Essa possibilidade de descaracterização é fundamental para se definir a competência
tributária sobre o fato social, na medida em que a desconsideração provoca transferência da
competência tributária que seria dos Municípios (ISS) para os Estados (ICMS).
O conceito de arrendamento mercantil se insere no conceito de serviço de qualquer
natureza tributável pelo ISS, qual seja, aquele que ocorre quando um prestador possibilita a
um tomador, mediante preço, a fruição (lato sensu) ilimitada de um bem material ou imaterial
até então inexistente, ou a fruição (lato sensu) limitada de um bem material ou imaterial já
existente, exceto o serviço incluído na competência tributária de outro ente da Federação.
O art.2º da Resolução CMN nº 2.309/96 traz a obrigação de existência de um
departamento técnico próprio para a realização das operações de arrendamento mercantil.
Essa previsão legal determinando a existência de tal departamento é a linguagem normativa
que obriga a realização de certa conduta por parte de seu destinatário, qual seja, a constituição
do referido departamento. Por via de conseqüência, ali será considerado ocorrido, pelo menos
nas operações regulares, o fato social que, captado pelo Fisco municipal, tornar-se-á o fato
jurídico tributário da prestação do serviço de qualquer natureza arrendamento mercantil. É,
pois, fato determinante para caracterizar o critério espacial do ISS no caso do arrendamento
mercantil.
O valor residual garantido (VRG) é um valor de garantia que o arrendatário deve
conferir ao arrendador para que este receba, ao término do contrato, uma quantia mínima final
de liquidação do contrato, na hipótese de o arrendatário não optar pela compra do imóvel. É
distinto, pois, do valor residual, que é o próprio preço de opção de compra.
22
ISS E ARRENDAMENTO MERCANTIL
Alberto Macedo
Quando o VRG é pago antecipadamente, em parcelas, integralmente, o arrendador
deverá devolver ao arrendatário o valor alcançado na compra e venda realizada com terceiro,
só podendo reter o valor correspondente à diferença entre o preço efetivamente pago pelo
terceiro e o VRG contratualmente previsto, quando este último tiver sido superior. Isto porque
o VRG pago tem a única função de garantir a defasagem que se concretizar entre o preço
efetivo de venda (menor valor) ao terceiro e o VRG previsto contratualmente (maior valor).

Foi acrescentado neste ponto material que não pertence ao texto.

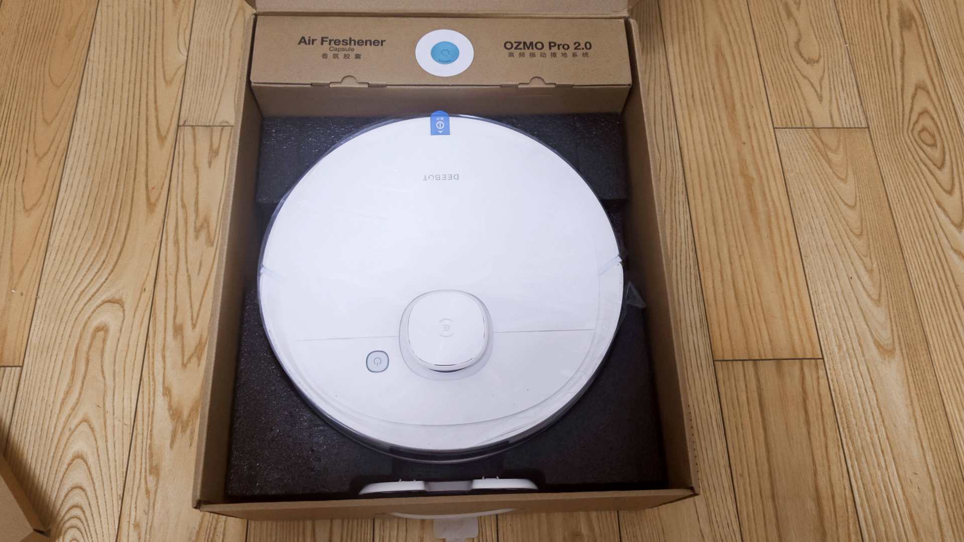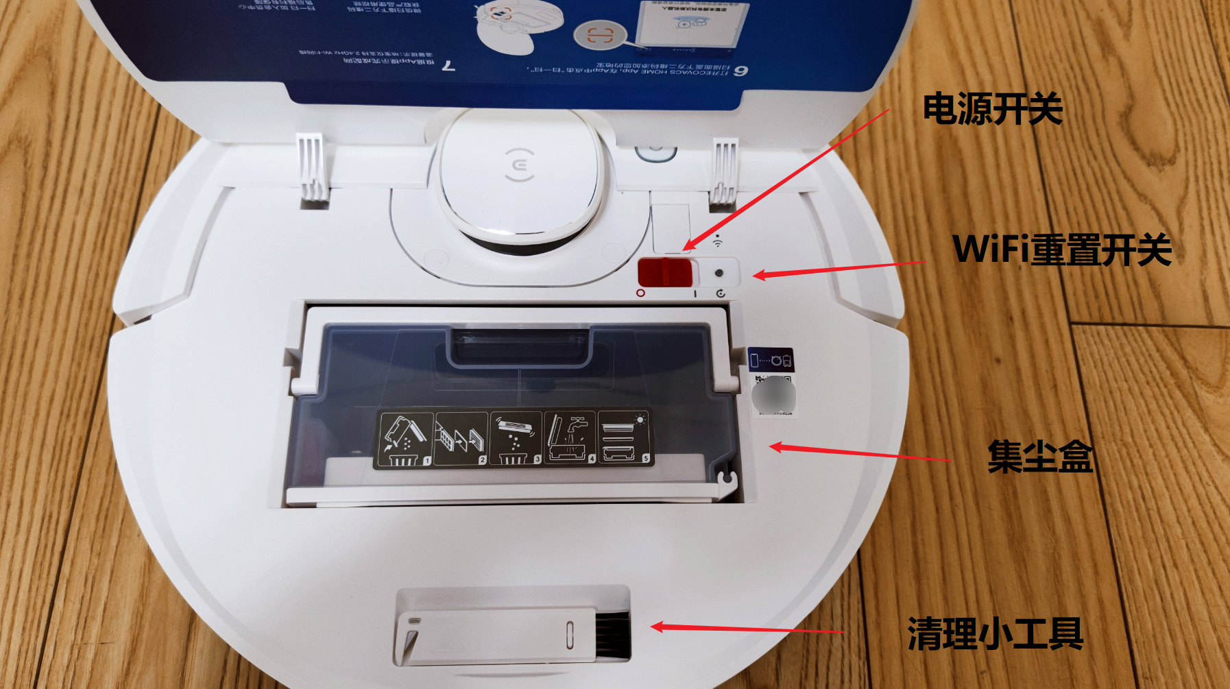 打开包装就能看到扫地机器人的本体,其他配件则都安排在下方。

Assim, nesse caso, o VRG pago só vai contribuir para a composição da base de cálculo do ISS
na parte que efetivamente ficar com o arrendador.
Havendo a compra e venda, seja com o próprio arrendatário, seja com terceira pessoa,
e sendo o preço efetivo de compra e venda inferior ao VRG previsto contratualmente, a base
de cálculo do ICMS será somente aquele valor efetivamente pago a título de compra e venda e
a base de cálculo do ISS vai ser “retificada” para se acrescentar a parte do VRG pago que for
utilizada para o arrendador alcançar o VRG previsto contratualmente.

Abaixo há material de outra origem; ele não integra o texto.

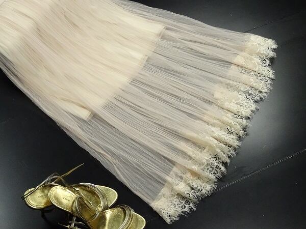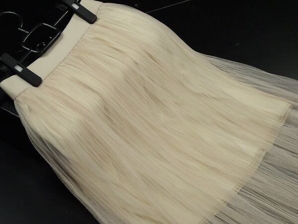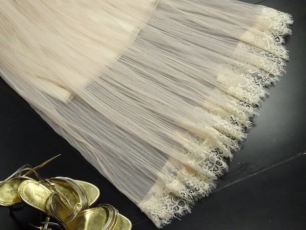 チュ-ルレースロングスカ-トです。細かチュ-ルプリ-ツを被せた柔らかな揺れ感が素敵です。履くだけで引き立つとてもファミニンなスカ-トです。レースの透け感と透けない部分が軽やかさを醸し出してくれてます。ウエストゴム仕様。ファスナ-なし。裏地有。

Quando o arrendatário opta pela compra do bem, geralmente o correspondente preço
vai coincidir com o VRG pago antecipadamente e, portanto, tal valor servirá de base de
cálculo do ICMS. Deixemos claro que a base de cálculo do ICMS será sempre o preço de
compra efetivamente pago ao arrendador, não havendo qualquer relação dessa base de cálculo
com o VRG previsto contratualmente enquanto tal.